I Have Lost Interest In Ben Carson
I still hate him with every fiber of my body. But the real reason for giving up abusing Ben is that I can’t keep up with the stupid fucking things he says. As an ancillary reason, it’s because his run for president is doomed-he peaked too early, lied a lot and generally fell asleep during every interview he took part in. As a consolation prize, he gets to go on speaking tours, ghostwrite more books, and perhaps land a gig in radio like Herman Cain did.
Juust one more time. Allow me that and I am done:
There is at least one fifth-grader who will not soon forget Ben Carson’s visit Thursday to Cedar Rapids, Iowa: The one whom Carson helped single out as his class’s “worst student” before a crowd of hundreds.
It happened when the Republican presidential candidate was trying to make a self-deprecating joke about his own academic ineptitude in grade school.
“As a fifth-grade student, I was a horrible student,” Carson said, according to video captured by CBS News. “Anybody here in fifth grade?

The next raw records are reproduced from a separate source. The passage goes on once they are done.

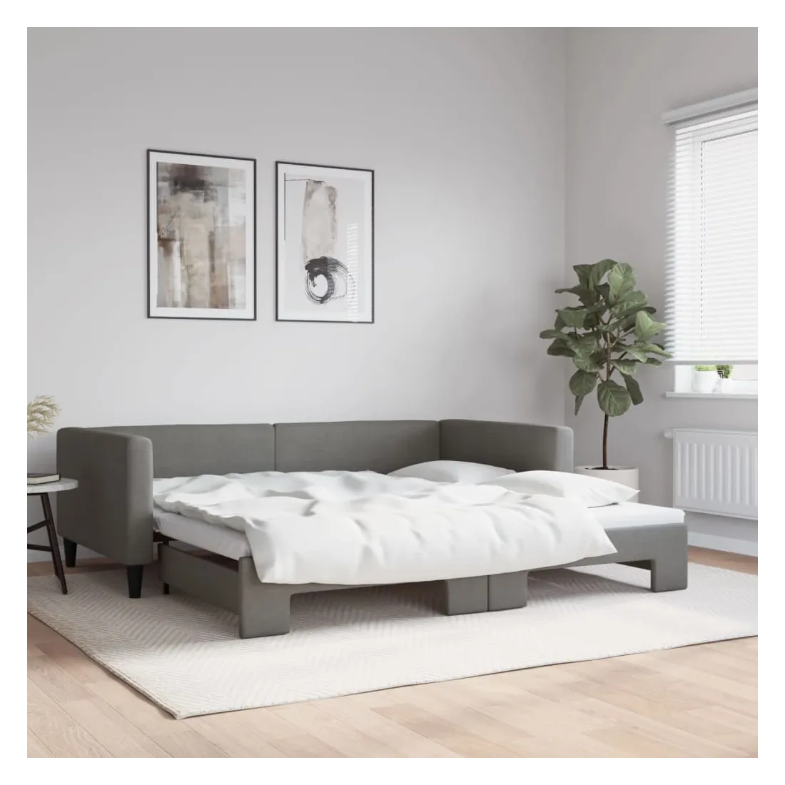 Ce lit de repos 2 en 1 avec lit gigogne, servant à la fois de canapé et de lit, constitue un supplément pratique et accrocheur à votre salon ou chambre à coucher. Lit de repos polyvalent : le canapé-lit fonctionne comme un canapé pendant la journée et se transforme facilement en lit double la nuit en retirant le lit gigogne, offrant une solution pratique pour accueillir des invités et maximiser l'espace. Tissu durable : lit d'appoint est en tissu. Le tissu présente un aspect simple et épuré tout en restant respirant et durable. Construction solide : la structure en bois et en métal du lit assure robustesse et stabilité. Bon à savoir :Les matelas ne sont pas inclus avec ce lit de repos. Nous proposons une sélection variée de matelas. Vous pouvez consulter notre boutique pour les matelas assortis.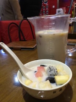 日昌餐馆挺不错的茶餐厅,环境简洁,小而温馨。菜价适中,量不是很大。西米露里面的配料挺多的,奶味浓郁,还有龟苓膏,西米,各种水果丁等,喝着清甜爽口,味道很不错。腊味煲仔饭闻着就很香,腊肠腊肉出了好多的油,米饭吃着很滑很润,一点都不油,咸香可口。查看更多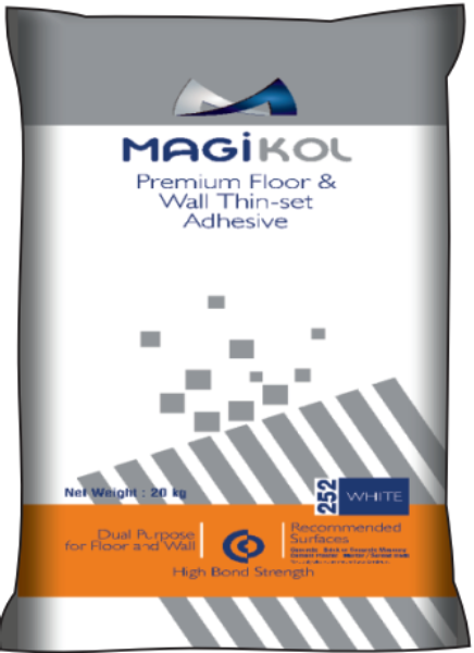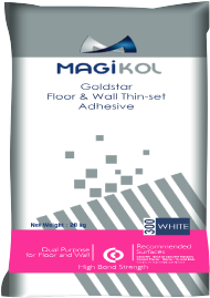 290 GreyMagikol Premium thin set adhesive is a multi- purpose, polymer modified thin set powder offering vast utility including applications on interior floor & wall as well as limited exterior floor & wall installations. It is a cementitious thin set powder to be mixed only with water to install various types of tiles & stone on variety of substrates using thin set method of installation.

Who’s the worst student?”
More than a half dozen students turned and pointed at one particular classmate, according to the Des Moines Register, and the room erupted in laughter.
Has this guy ever met any children? If so, he would know not to give them an opportunity to destroy another kid’s reputation. School is hard enough without being ridiculed in assembly. Ben may not have meant it that way, but it doesn’t matter-the fact is that he had no foresight as to what his words would do.
Carson’s boat may have too many holes in it to save him, but I think this torpedo ends his run once and for all.